Remarkable, they were even able to get a result better than Llama 3 8B:
Our baseline model is also comparable to Mistral-7B-v0.3 and Llama 3 8B on MMLU (63% & 66%), and performs similarly on an average of 53 natural language understanding tasks while being trained with 6.6x less compute than Llama 3 8B.
This result is exciting for several reasons. More optimization of AI models is possible, thanks to significant data available to make better AI models. These techniques help optimize dataset curation, which leads to more efficient training. Also, this open research will improve open AI models; the data and techniques are available to all, not locked up by a few proprietary AI model makers.
Dataset, paper, comparison leaderboard, code and more is available at datacomp.ai.

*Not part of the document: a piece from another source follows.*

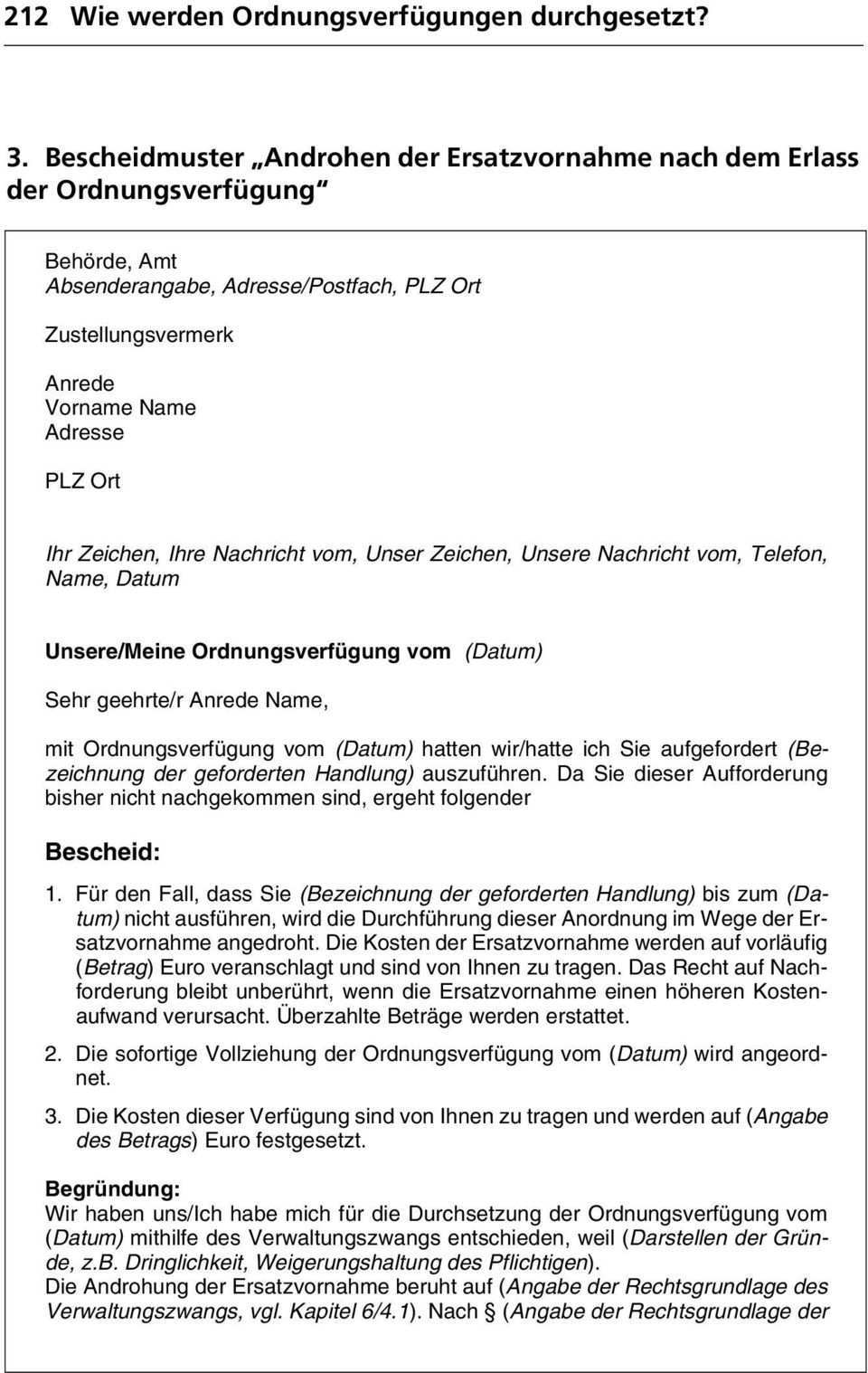Drohe ich ihnen ersatzvornahme die kosten der ersatzvornahme werden ihnen dann auferlegt unmittelbaren zwangan kostenentscheidung die kosten des verfahrens haben sie zu tragen. Sehr geehrte damen und herren hiermit lege ich legen wir gegen die festsetzung eines zwangsgeldes in höhe von betrag euro vom datum einspruch ein und beantrage beantragen die.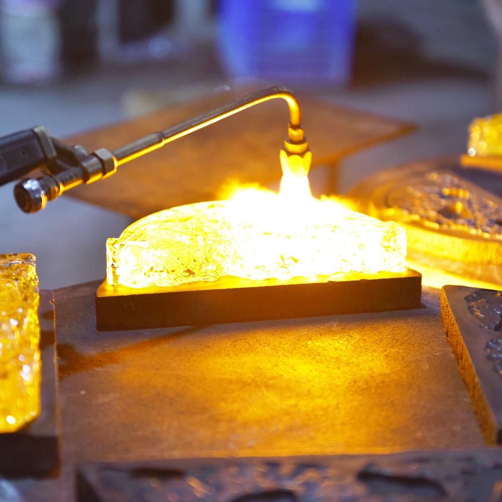 One-of-a-Kind Craftsmanship Features crescent-shaped panels made from individually handcrafted, textured glass for a unique, artistic statement.

Instruction Pre-Training: Language Models are Supervised Multitask Learners
Currently, LLM training consists of unsupervised pre-training and then fine-tuning using instruction-based question and answers. This is effective but it requires a lot of data. Could there be a more efficient way?
The paper “Instruction Pre-Training: Language Models are Supervised Multitask Learners” tries a whole different take on pre-training, turning it into supervised multitask pre-training, a training process more akin to instruction fine-tuning.
It’s called Instruction Pre-Training. It converts unsupervised training data into instruction-response pairs, and used that data to pre-train the LLM:
The instruction-response pairs are generated by an efficient instruction synthesizer built on open-source models.
They scale this process up to “200M instruction-response pairs covering 40+ task categories” to verify the effectiveness of Instruction Pre-Training. Their results showed a benefit to model performance:
Instruction Pre-Training not only consistently enhances pre-trained base models but also benefits more from further instruction tuning. In continual pre-training, Instruction Pre-Training enables Llama3-8B to be comparable to or even outperform Llama3-70B.
As a limitation, they note that this method generates and uses synthetic data, and so it could be susceptible to hallucination or other issues from synthetic data. However, I wonder if the billions of already-existing user interactions with models like GPT-4 could be used as data for this process.
The model, code, and data for Instruction Pre-Training are available on Github.
Self-MoE: Compositional LLMs with Self-Specialized Experts
The paper “Self-MoE: Towards Compositional Large Language Models with Self-Specialized Experts” presents an architectural wrinkle on the MoE, mixture-of-experts concept:
Self-MoE transforms a monolithic LLM into a compositional, modular system of self-specialized experts, named MiXSE (MiXture of Self-specialized Experts).
How it works is that it starts with a generalized dense LLMs, fine-tunes the base LLM into a number of specialized experts using self-generated synthetic data; then these are merged with a base LLM and are directed by self-optimized routing.
This architecture is quite different and much more coarse-grained than MoE AI models. It’s more similar to methods of AI model merging, but is far less brute-force than methods that simply merge weights. The authors note:
Self-MoE demonstrates substantial improvements over the base LLM across diverse benchmarks such as knowledge, reasoning, math, and coding. It also consistently outperforms other methods, including instance merging and weight merging, while offering better flexibility and interpretability by design with semantic experts and routing.
They were able to start with Gemma 7B and improve its benchmark performance with the Self-MoE architecture. Thus, it can be viewed as yet another promising variant on getting more out of AI models through AI model fine-tuning, merging, and routing.